In JACM 41(6) Afek et al described a protocol [1], originally conceived by Wang and Zuck [2], then simplified by Afek, whose goal is to transmit an infinite sequence of messages, from a finite alphabet, over bi-directional channels that can reorder and delete messages. While the impossibility of transmitting such a sequence over channels that can also duplicate messages was well known at the time, it was conjectured that reordering and deleting channels suffice to render the problem impossible. The protocol served to refute this conjecture. The original description of the protocol was “flat,” and Afek’s suggestion to embed it into the “probe” mechanism transformed it into a layer protocol. The top layer implements a FIFO transmission over a lossy channel, for which the well-studied and verified Alternating Bit Protocol suffices. The bottom layer implements a lossy channel over a bi-directional channel that can loss and reorder messages. This protocol, as well as others using on the “probe” mechanism, was never mechanically verified. The talk introduces the protocols and describes the challenges in using existing tools to formally verify probe-based protocols.

Grand challenges in science are considered as beneficial in energizing the scientific community and focusing its efforts on meaningful goals. According to their name, they should be sufficiently challenging such that they cannot be completely solved by any research group in a single project, but require a long-term effort and collaboration between different research groups and communities. Solving them should have a major positive impact, not only on the scientific community, but also on society as a whole.

For grand challenges in the area of distributed systems verification, we discussed several ideas. However, we concluded that the effort it would take to design a project that is sufficiently large-scale and challenging, while at the same time allowing a large part of the distributed systems verification community to participate without major obstacles, would go well beyond what could be discussed in this short time frame.

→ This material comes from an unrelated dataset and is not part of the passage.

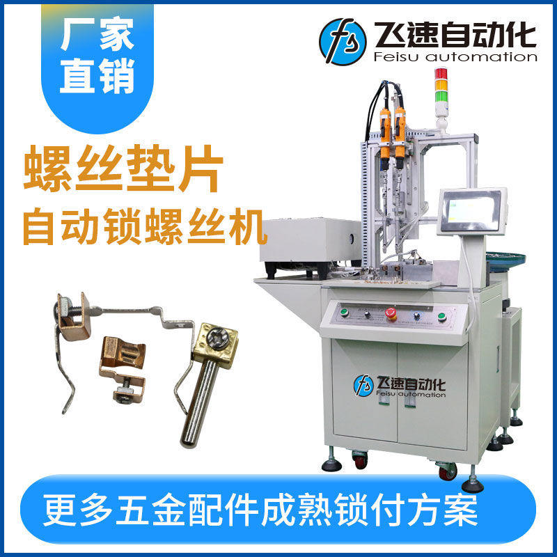 - 產(chǎn)品簡(jiǎn)介: 螺絲墊片自動(dòng)擰螺絲機(jī)實(shí)現(xiàn)將墊片套置在螺絲根部的加工目的,組合后墊片與螺絲不易松脫,組合效果好,操作十分簡(jiǎn)單,只需一名人工輕松操作,大大降低了人工成本,實(shí)現(xiàn)了自動(dòng)化生產(chǎn),提高生產(chǎn)產(chǎn)量效果。 在緊固螺絲都會(huì)和墊片一起配合使用,人工手動(dòng)把螺絲穿過墊片再擰緊,在短時(shí)間內(nèi)對(duì)需求量大的穿好螺絲墊片無(wú)法達(dá)到效果,裝配螺絲墊片的方式就會(huì)降低了效率,無(wú)法滿足生產(chǎn)商的需求。 所以為了克服螺絲墊片人工手動(dòng)裝配效率低,成本高的缺陷,廠家往往會(huì)考慮到生產(chǎn)效率,成本以及產(chǎn)品質(zhì)量等因素會(huì)選擇一款自動(dòng)化組裝螺絲墊片的自動(dòng)擰螺絲機(jī)器。

Instead, we found that a particularly promising idea is to take “Verified Secure Routing” (as presented in the talk by Peter Müller) as a grand challenge. The reasons are that this includes challenging aspects and sub-problems for many different research directions, ranging from low-level protocol design over path exploration to information-flow properties. Moreover, the verification tasks are sufficiently difficult to be suitable (at different levels of abstraction) for different flavors of verification, from mechanized interactive proofs to partially or fully automated proof techniques. Finally, a lot of the groundwork in defining the problem and many of its sub-problems has already been done in the large-scale project “verified SCION” at ETH. This project concentrates on mechanized proofs with tight interaction of the protocol and system engineers, and leaves open many details, as well as aspects of automating the verification. This results in a low entry bar for even small research groups to contribute to this grand challenge.